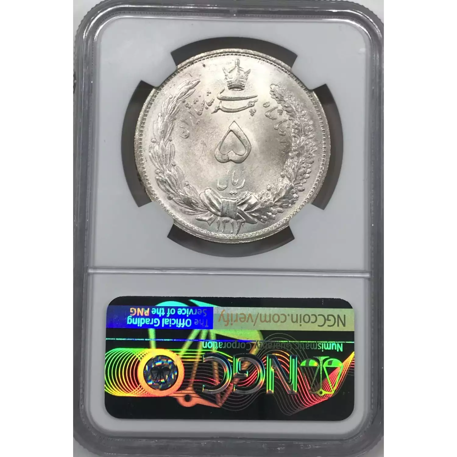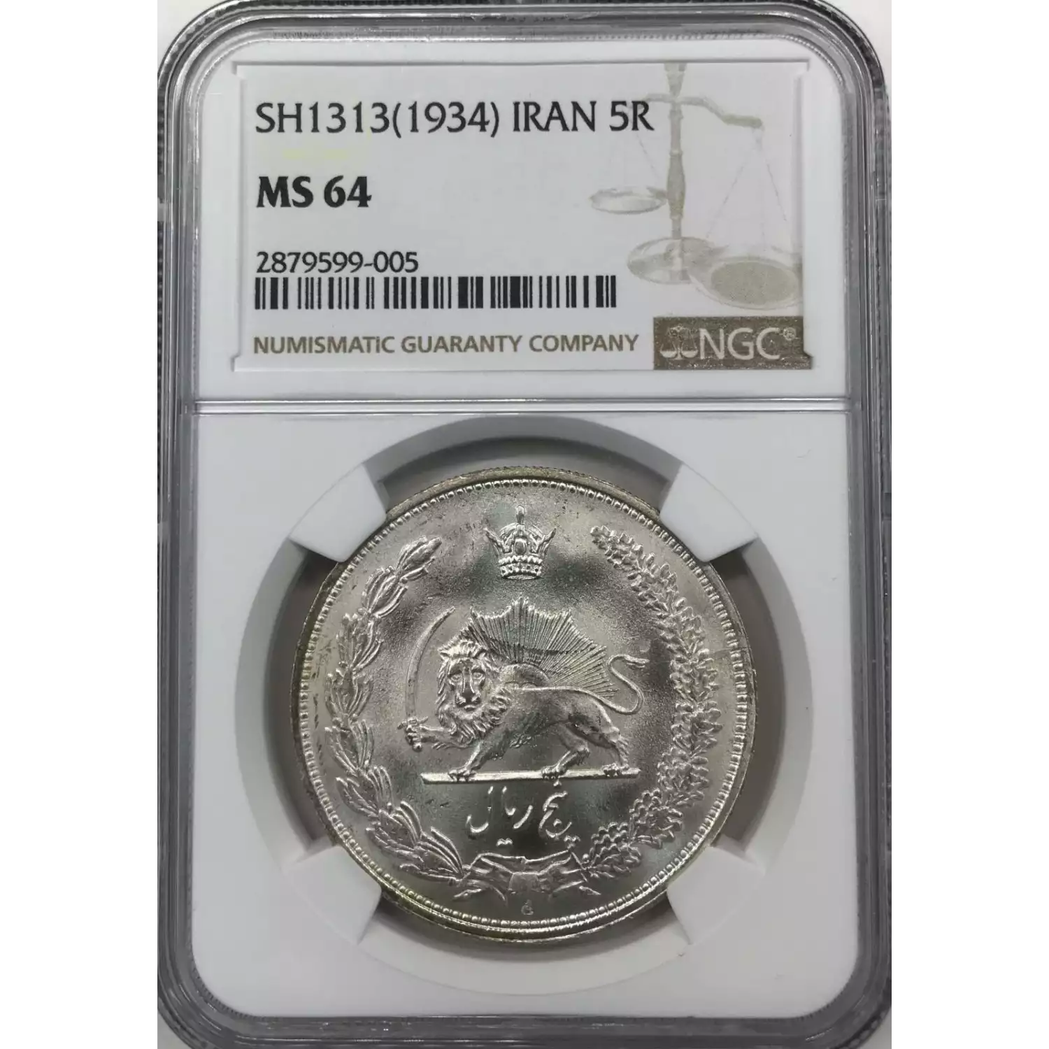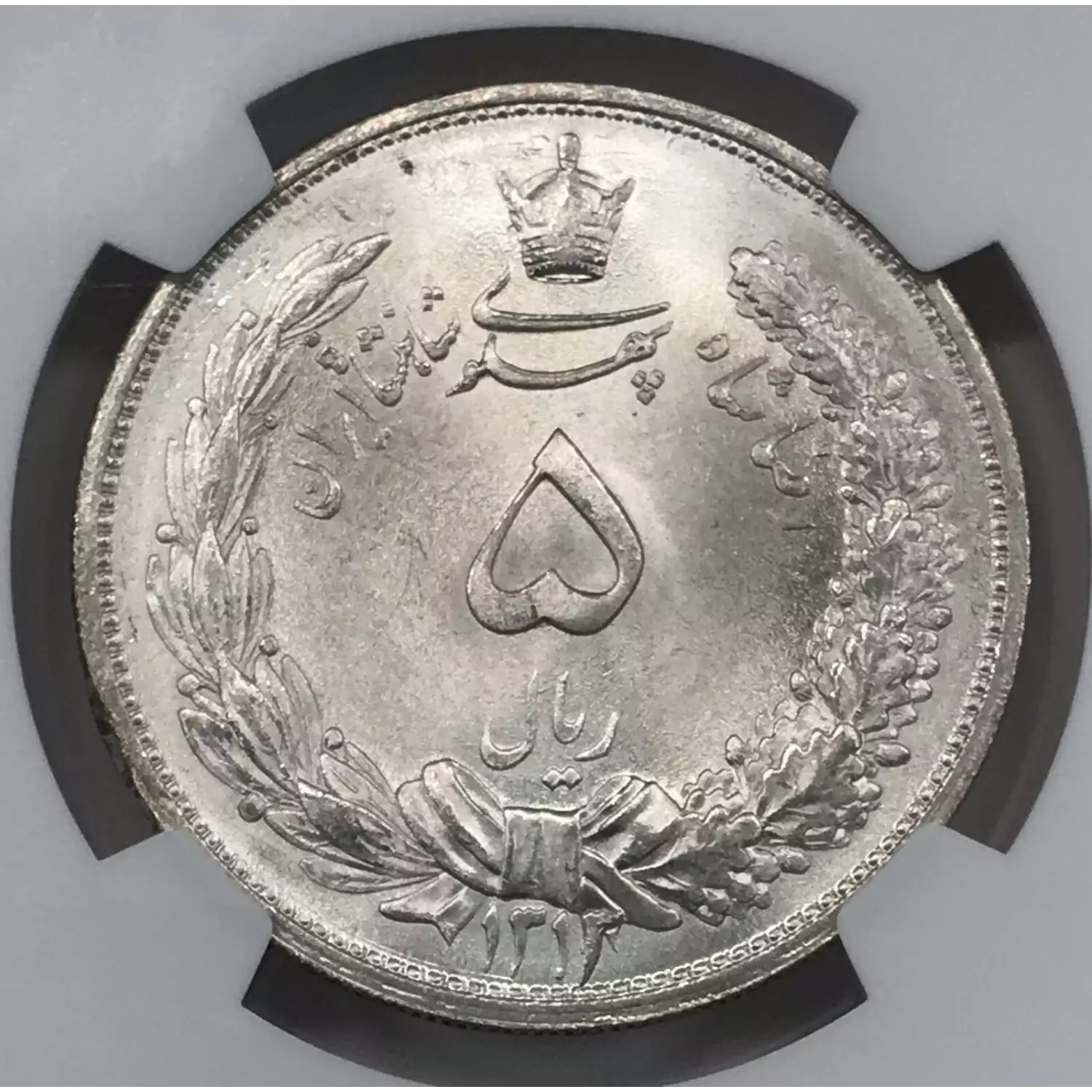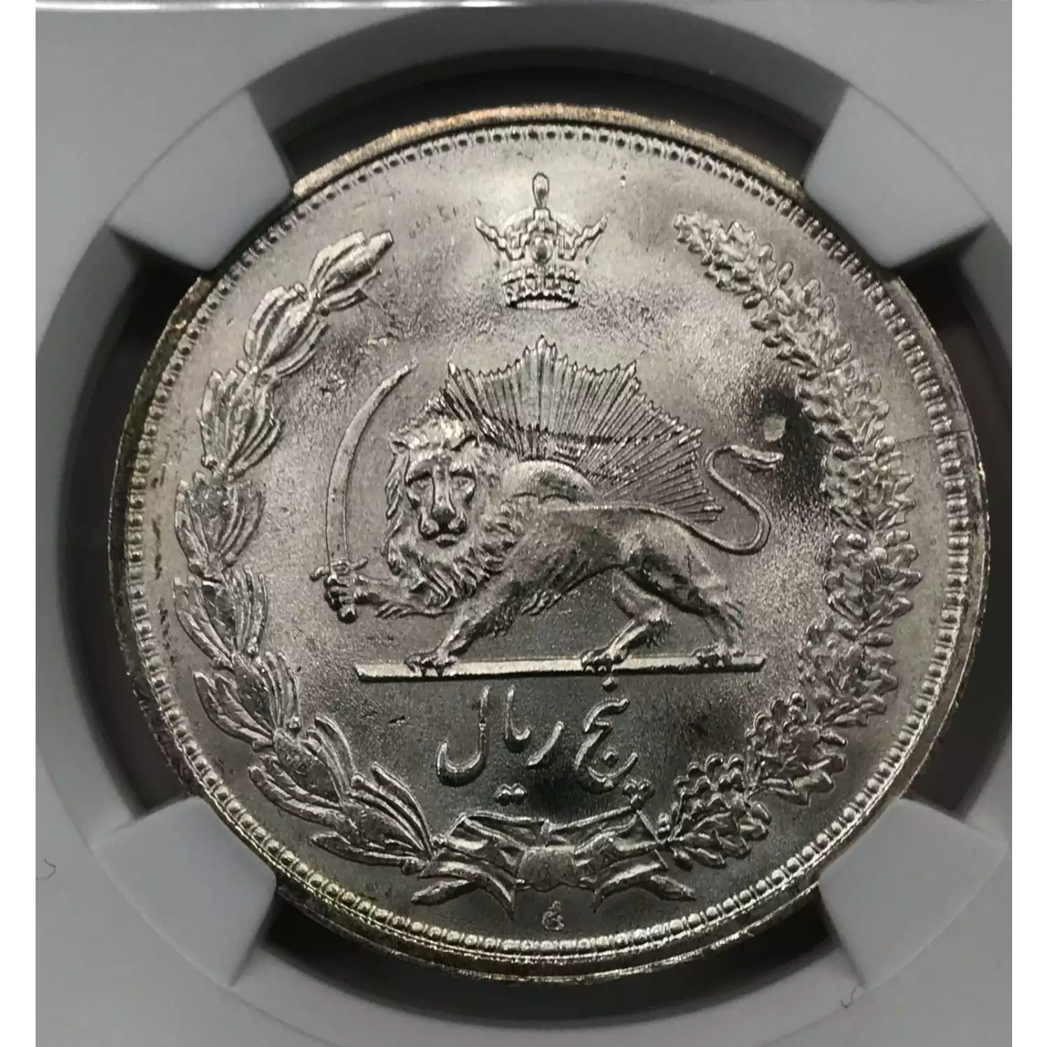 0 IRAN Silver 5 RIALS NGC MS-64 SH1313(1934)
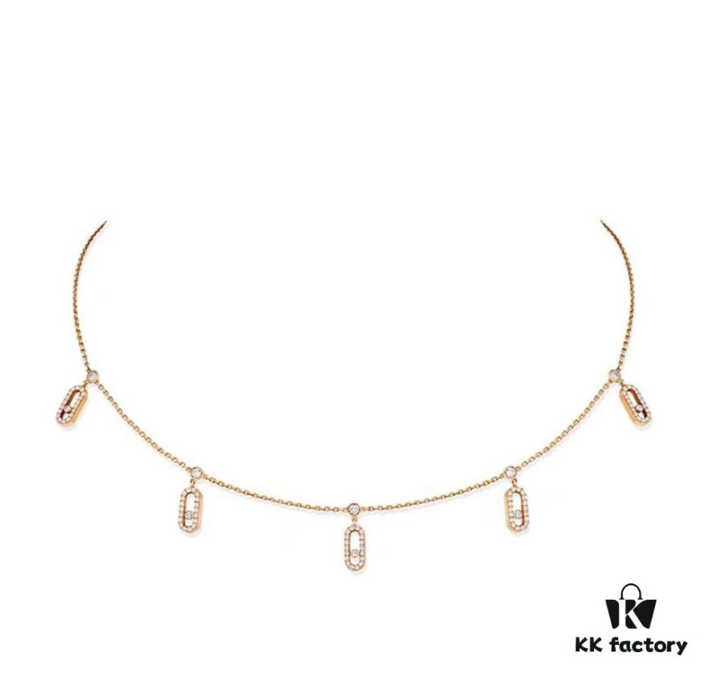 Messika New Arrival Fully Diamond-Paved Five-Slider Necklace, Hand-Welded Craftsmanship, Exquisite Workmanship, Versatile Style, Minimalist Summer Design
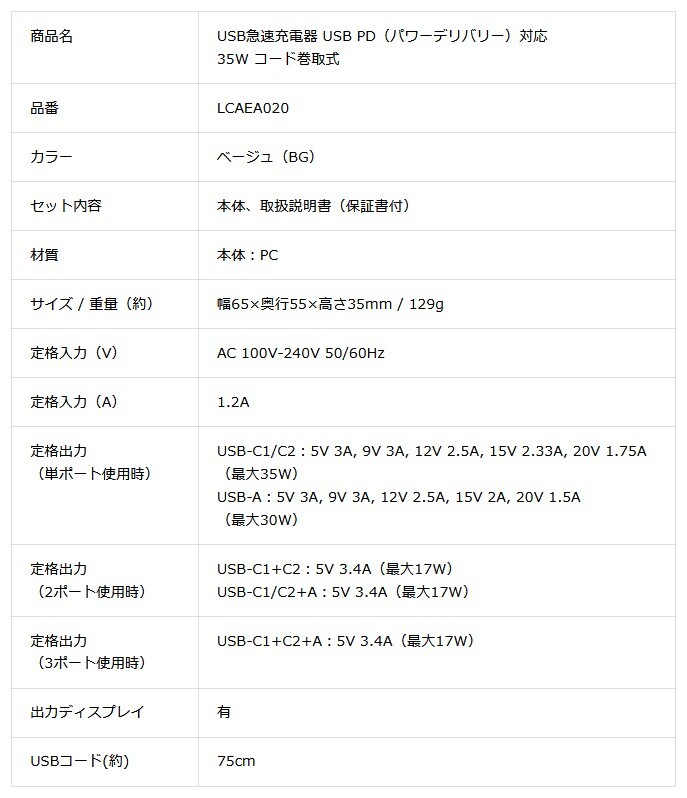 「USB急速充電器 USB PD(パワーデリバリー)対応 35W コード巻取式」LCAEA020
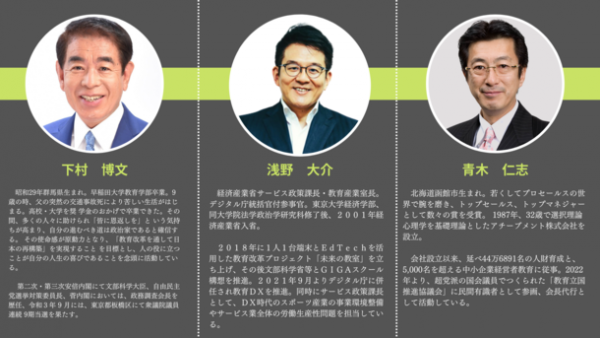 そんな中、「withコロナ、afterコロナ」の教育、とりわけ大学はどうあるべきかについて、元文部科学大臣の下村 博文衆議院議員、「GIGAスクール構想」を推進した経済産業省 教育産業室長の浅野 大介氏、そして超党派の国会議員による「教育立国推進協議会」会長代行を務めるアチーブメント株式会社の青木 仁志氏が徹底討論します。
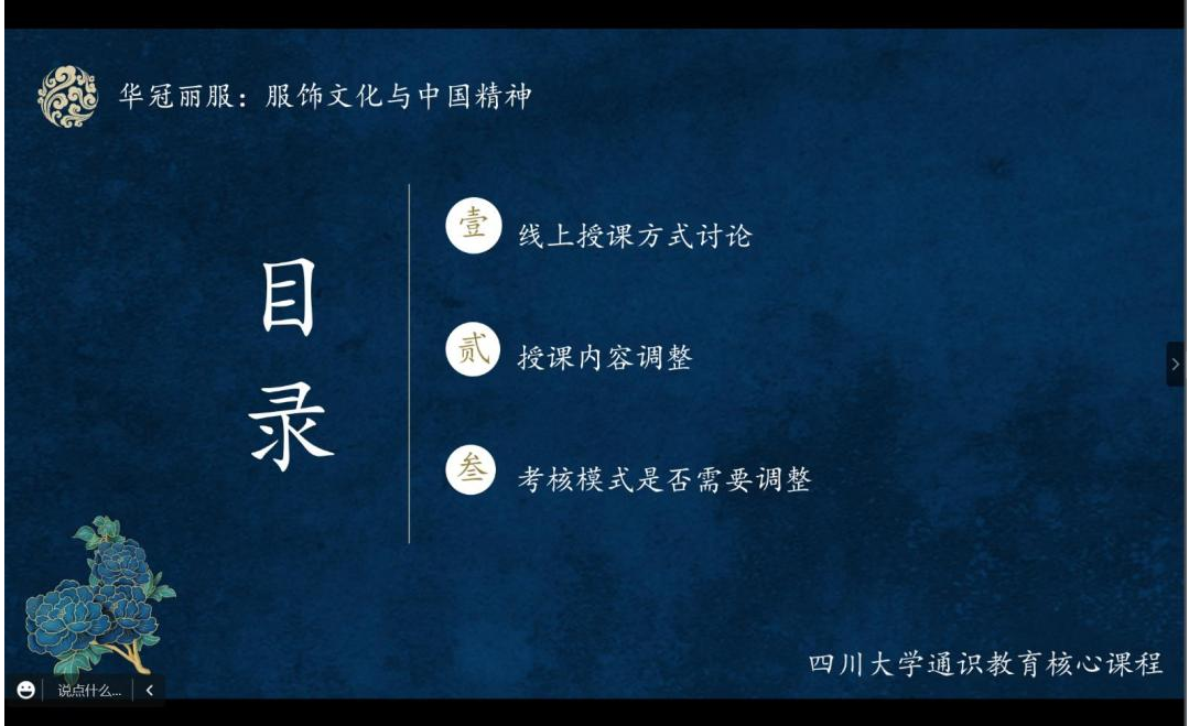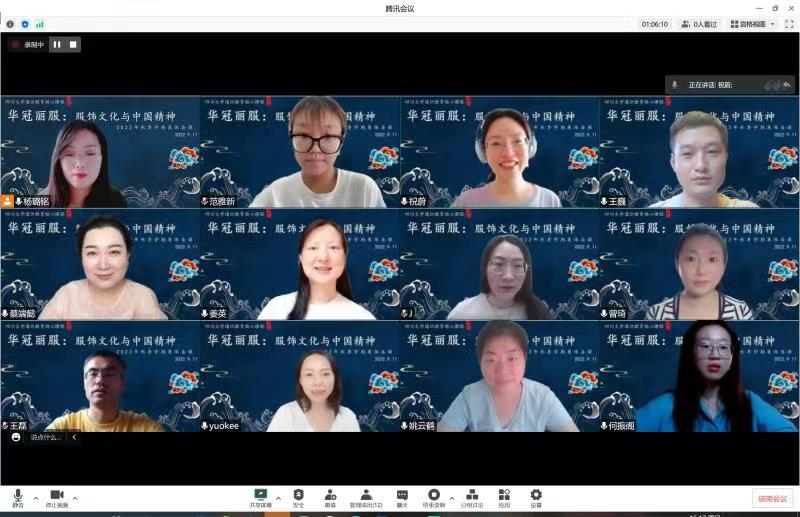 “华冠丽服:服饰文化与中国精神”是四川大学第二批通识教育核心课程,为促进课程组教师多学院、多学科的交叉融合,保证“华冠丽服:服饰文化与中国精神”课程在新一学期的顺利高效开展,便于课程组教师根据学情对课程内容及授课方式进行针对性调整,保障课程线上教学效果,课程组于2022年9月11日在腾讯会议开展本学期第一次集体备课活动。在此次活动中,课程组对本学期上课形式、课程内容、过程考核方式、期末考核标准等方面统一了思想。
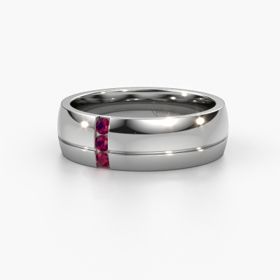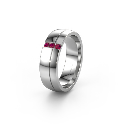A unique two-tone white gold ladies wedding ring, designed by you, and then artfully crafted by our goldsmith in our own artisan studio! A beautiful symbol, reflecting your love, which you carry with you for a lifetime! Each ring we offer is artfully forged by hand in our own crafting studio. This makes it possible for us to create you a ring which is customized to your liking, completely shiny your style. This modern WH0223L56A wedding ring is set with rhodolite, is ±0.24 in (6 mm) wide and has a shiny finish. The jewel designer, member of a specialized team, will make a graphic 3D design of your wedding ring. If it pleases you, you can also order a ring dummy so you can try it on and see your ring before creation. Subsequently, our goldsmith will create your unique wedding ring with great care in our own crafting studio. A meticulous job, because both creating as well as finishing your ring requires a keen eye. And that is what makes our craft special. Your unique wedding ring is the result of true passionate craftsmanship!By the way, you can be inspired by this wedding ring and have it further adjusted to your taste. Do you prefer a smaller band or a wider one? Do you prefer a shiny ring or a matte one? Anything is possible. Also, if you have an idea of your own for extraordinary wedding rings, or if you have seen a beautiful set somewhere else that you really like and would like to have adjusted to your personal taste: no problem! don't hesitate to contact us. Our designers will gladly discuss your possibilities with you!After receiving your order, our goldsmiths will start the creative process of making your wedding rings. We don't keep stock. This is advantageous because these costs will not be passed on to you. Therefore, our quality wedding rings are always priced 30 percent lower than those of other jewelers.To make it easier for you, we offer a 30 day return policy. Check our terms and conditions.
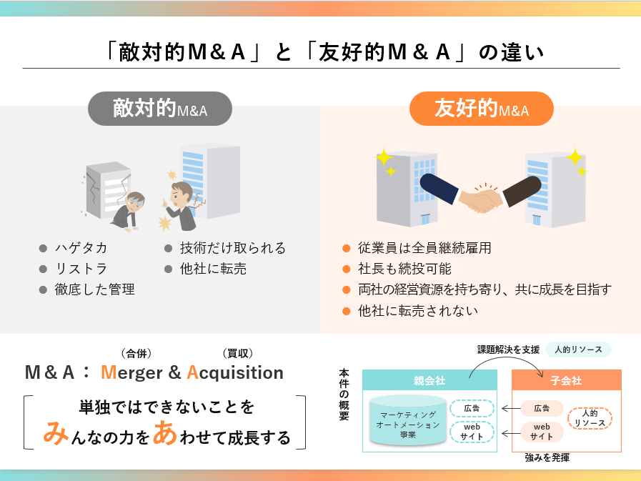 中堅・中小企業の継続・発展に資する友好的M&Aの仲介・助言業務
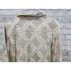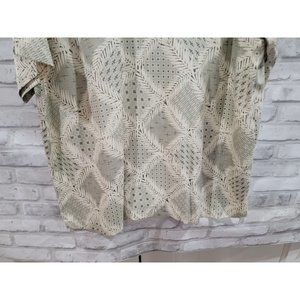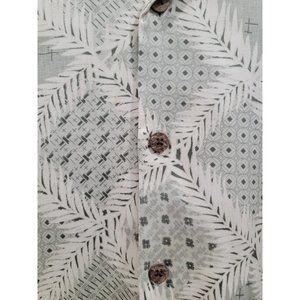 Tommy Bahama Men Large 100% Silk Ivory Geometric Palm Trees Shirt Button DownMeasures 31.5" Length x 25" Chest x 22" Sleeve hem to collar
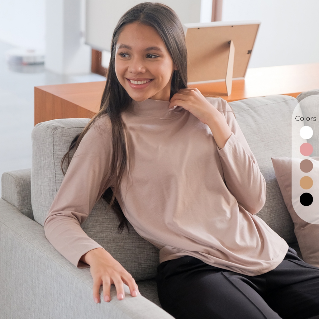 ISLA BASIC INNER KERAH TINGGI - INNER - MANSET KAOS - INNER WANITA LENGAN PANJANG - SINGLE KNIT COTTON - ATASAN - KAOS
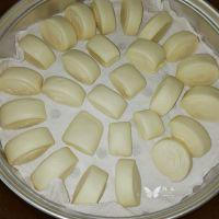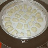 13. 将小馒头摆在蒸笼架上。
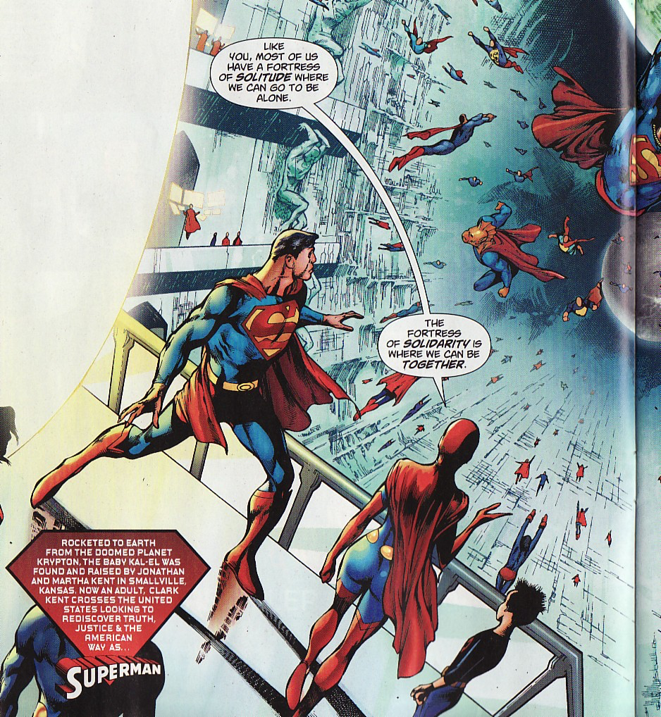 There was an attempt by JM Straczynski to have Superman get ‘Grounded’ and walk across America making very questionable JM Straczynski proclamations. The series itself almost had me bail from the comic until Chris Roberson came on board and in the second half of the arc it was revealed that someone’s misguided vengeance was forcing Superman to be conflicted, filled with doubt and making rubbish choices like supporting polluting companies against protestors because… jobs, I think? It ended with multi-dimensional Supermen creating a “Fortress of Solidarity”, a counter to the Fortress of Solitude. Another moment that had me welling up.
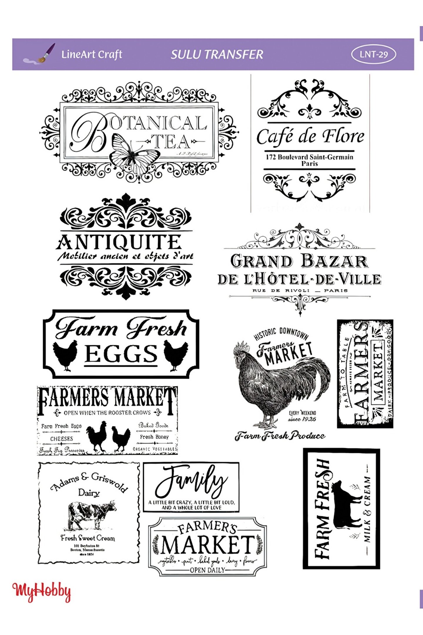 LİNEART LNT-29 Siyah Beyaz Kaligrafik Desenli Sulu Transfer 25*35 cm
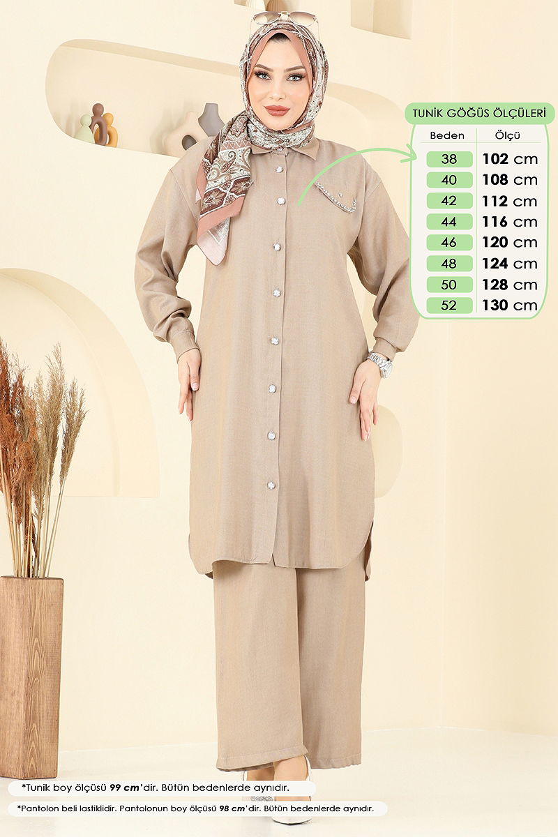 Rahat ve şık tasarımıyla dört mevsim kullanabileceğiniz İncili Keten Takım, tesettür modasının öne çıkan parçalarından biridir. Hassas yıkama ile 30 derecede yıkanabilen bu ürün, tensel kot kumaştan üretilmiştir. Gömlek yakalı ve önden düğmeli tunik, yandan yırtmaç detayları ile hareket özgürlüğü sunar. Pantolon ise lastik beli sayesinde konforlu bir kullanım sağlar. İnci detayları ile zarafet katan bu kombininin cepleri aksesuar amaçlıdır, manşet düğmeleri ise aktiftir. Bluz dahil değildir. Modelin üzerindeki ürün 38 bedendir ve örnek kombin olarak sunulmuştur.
────────────────
WHAT NEEDS TO BE DONE:
The line holding "13. 将小馒头摆在蒸笼架上。" starts the copy and the line holding "There was an" ends it. Repeat those two lines above and all between them exactly, leaving out pictures.

PROBLEM SOLUTION:
 13. 将小馒头摆在蒸笼架上。
 There was an attempt by JM Straczynski to have Superman get ‘Grounded’ and walk across America making very questionable JM Straczynski proclamations. The series itself almost had me bail from the comic until Chris Roberson came on board and in the second half of the arc it was revealed that someone’s misguided vengeance was forcing Superman to be conflicted, filled with doubt and making rubbish choices like supporting polluting companies against protestors because… jobs, I think? It ended with multi-dimensional Supermen creating a “Fortress of Solidarity”, a counter to the Fortress of Solitude. Another moment that had me welling up.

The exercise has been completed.